Rome OKs history project on women
religious
By LESLIE WIRPSA
NCR Staff
Two years after regaining a measure of autonomy from strict
Vatican control, CLAR, the Latin American Conference of Religious, has
circumvented a new confrontation with Rome concerning a groundbreaking project
on women religious.
In April, Archbishop Francisco Javier Errazuriz Ossa, secretary of
the Congregation for Institutes of Consecrated Life and for Societies of
Apostolic Life, halted progress of CLAR's "Recuperation of the Historical
Memory of Women's Religious Life in Latin America."
This four-year initiative, according to CLAR President Elza
Ribeiro, a Brazilian Sister of Providence, aims to help Latin American women
religious "step out of anonymity and be recognized for their dignity and the
role they play in church and society."
The project will document a 40-year history of women religious in
Latin America by compiling historical records from religious communities,
testimonies from women, surveys, written reflections and theological analysis.
The group hopes to have the project completed by 1999, CLAR's 40th anniversary.
"It will not be written by historians but by women religious
themselves, reflecting their perceptions, their form of critical analysis,
their perspectives. We will tell our own stories," Ribeiro said, adding that
CLAR will invite some male theologians to participate in the theological
analysis.
The project was paralyzed in April, however, when Errazuriz
impeded the distribution of a survey to 25 conferences of women religious after
he received news of a controversial January 31 letter criticizing CLAR's
actions. The letter was signed by Consuela Fernandez and was written on
letterhead bearing the name of the Daughters of the Sacred Hearts of Jesus and
Mary, a Colombian order. Copies of the letter reached some 30 cardinals and
dozens of superior generals in Rome, CLAR Secretary-General Fr. Pedro Acevedo
told NCR in a telephone interview from the organization's headquarters
in Bogota, Colombia.
The letter, of which NCR obtained a copy, claims some
religious "want to ruin traditional religious life" in Latin America in the
same way others ruined it in the United States. It asks that CLAR's project be
"urgently" stopped to "avoid this tragedy."

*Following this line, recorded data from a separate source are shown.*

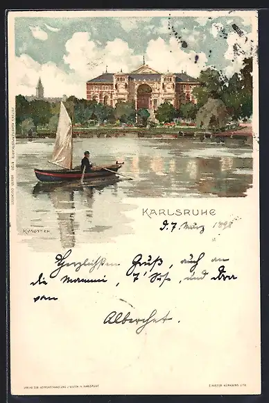 Künstler-AK K. Mutter: Karlsruhe, Mann im Segelboot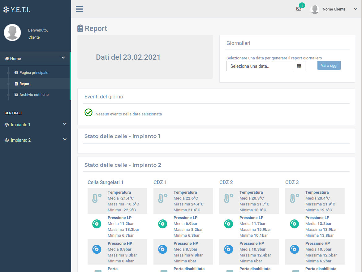 Il pannello di controllo denominato YETI, sempre accessibile via internet, vi consentirà di visualizzare tutti i campionamenti effettuati, consultare grafici e report dettagliati, effettuare il setup dei parametri di funzionamento della macchina. Tutte le centrali in un unico portale di riferimento.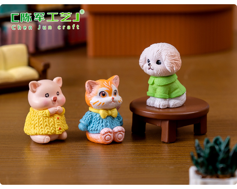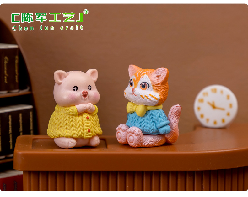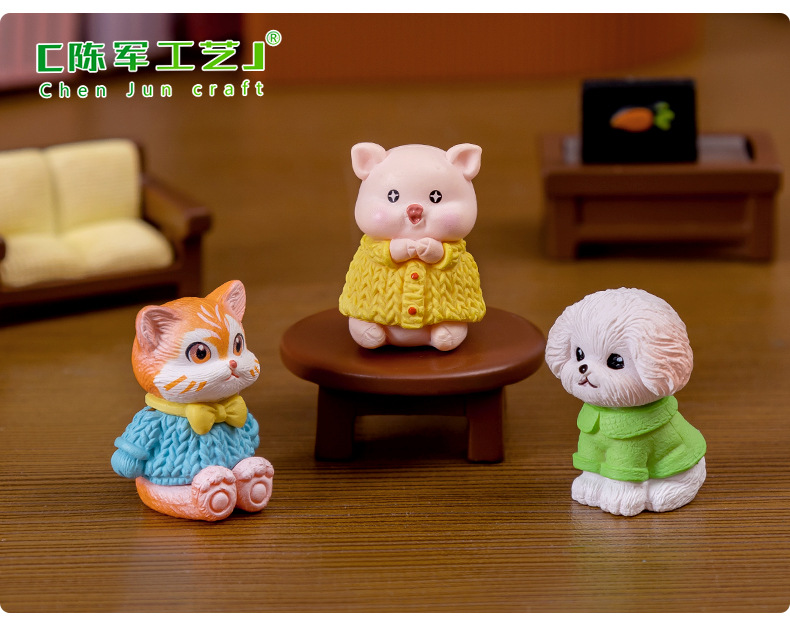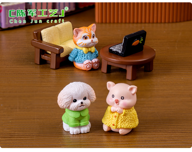 微景观创意可爱萌小猪狗猫动物公仔娃屋装饰品配件车载桌面小摆件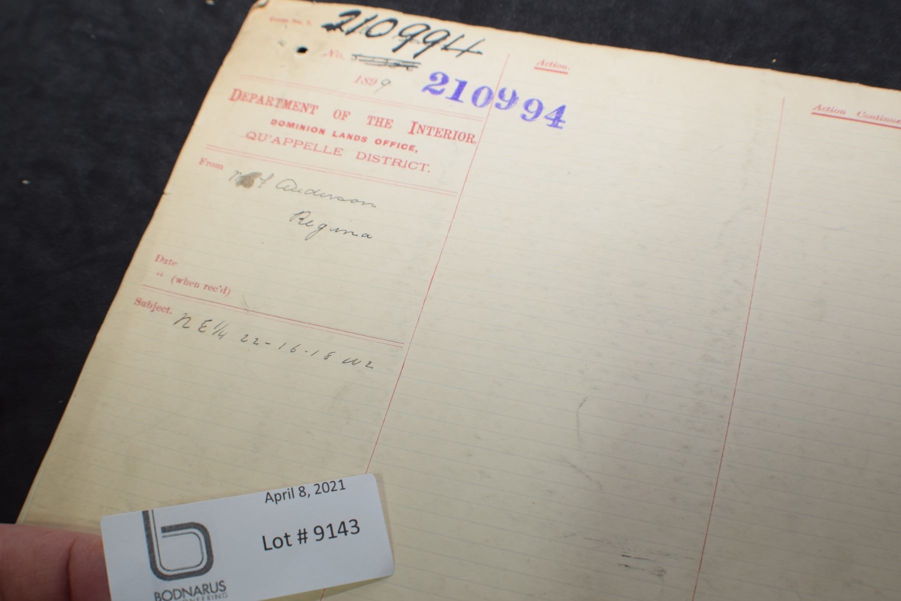 1899 LAND TITLES CERTIFICATE SASKATCHEWAN - NWT - ASSA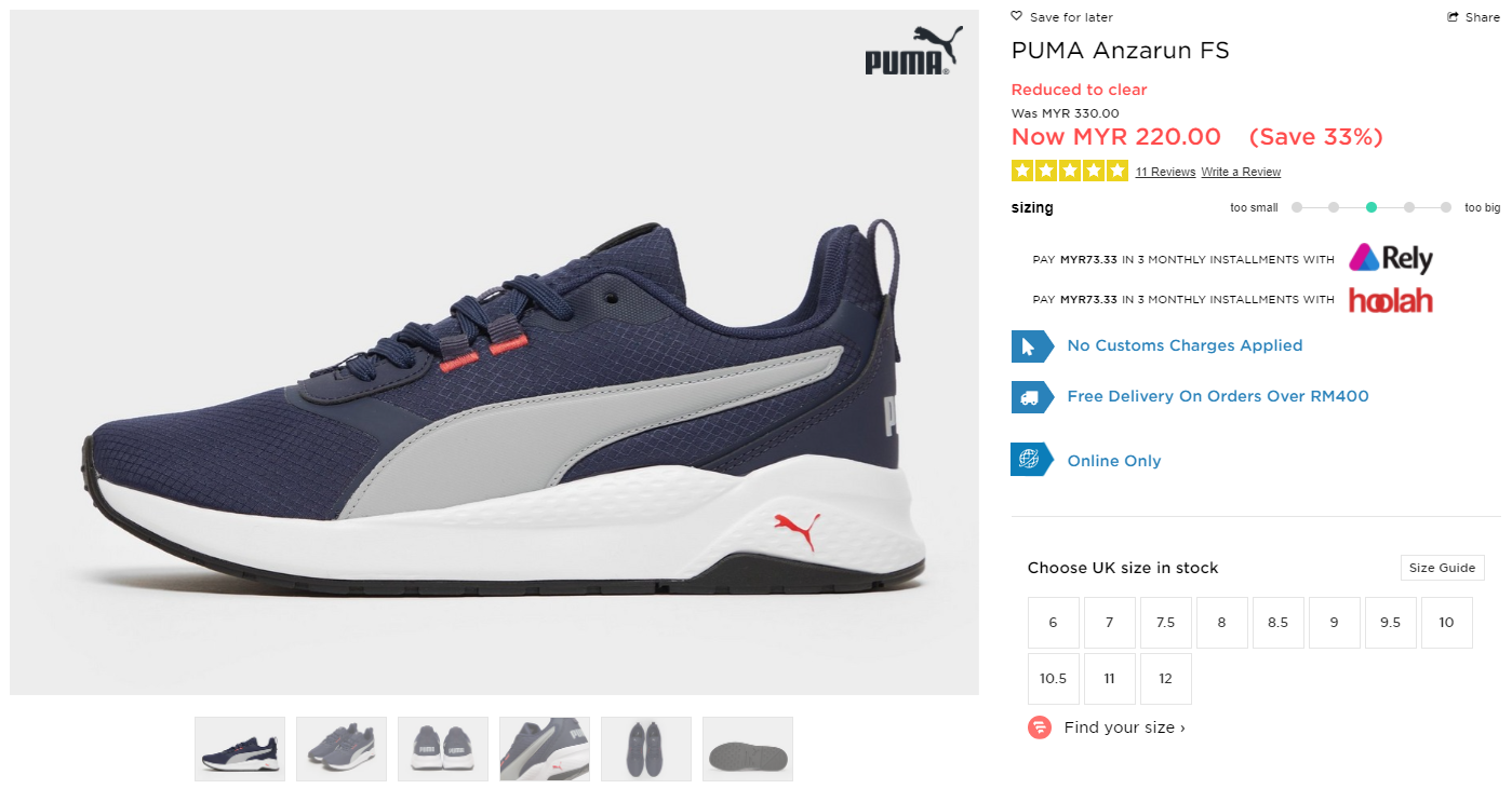 ▼ PUMA Anzarun FS【折扣31%】- 只需RM220(原价 RM330)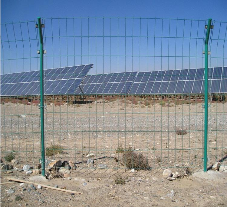 光伏電站圍欄網也叫光伏圍網、光伏電站圍欄、光伏防護隔離網。用來防止其他人或物對防護網內的光伏設施造成破壞,避免不必要的經濟損失。光伏圍網采用的是金屬絲焊接成網片,然后通過立柱將網片進行固定,從而將光伏設施進行圈圍,起到很好的防護隔離作用。

The letter blames Jesuit priests for introducing religious women
to "radical, unsubmissive and rebellious feminism." A second letter from
Fernandez to women superior generals, dated March 19, warns of the negative
influence of Dominican, Jesuit, Claritian and Redemptorist priests.
Errazuriz requested further information about the project and
summoned CLAR officials to discussions in Rome.
On April 16, CLAR received a letter from the superior general of
the Daughters of the Sacred Hearts saying Fernandez was not a member of the
congregation and that the letterhead did not bear the community's official
stamp.
"We are interested in knowing where this came from. Many people
(who have analyzed the letter) believe it was not written by a woman. It is an
enigma," Ribeiro said, also speaking from Bogota. "This incident is very
damaging to the life of the church."
Prior to heading to Rome in May, Ribeiro wrote a letter to
Errazuriz, expressing "surprise" at his suspicion of the project. "Dialogue is
the correct path, not suspicion, mistrust or prejudgment," she wrote.
During a series of meetings in May with representatives from the
congregation, whose prefect is Cardinal Eduardo Martinez Somalo, CLAR officials
convinced the Vatican of the validity of the women's historical memory project.
"We are happy with the results. We will go forward with the
project; we have improved it, receiving contributions from the congregation and
important vision from superior generals," Ribeiro said. "We are free to
continue our work in August all over Latin America."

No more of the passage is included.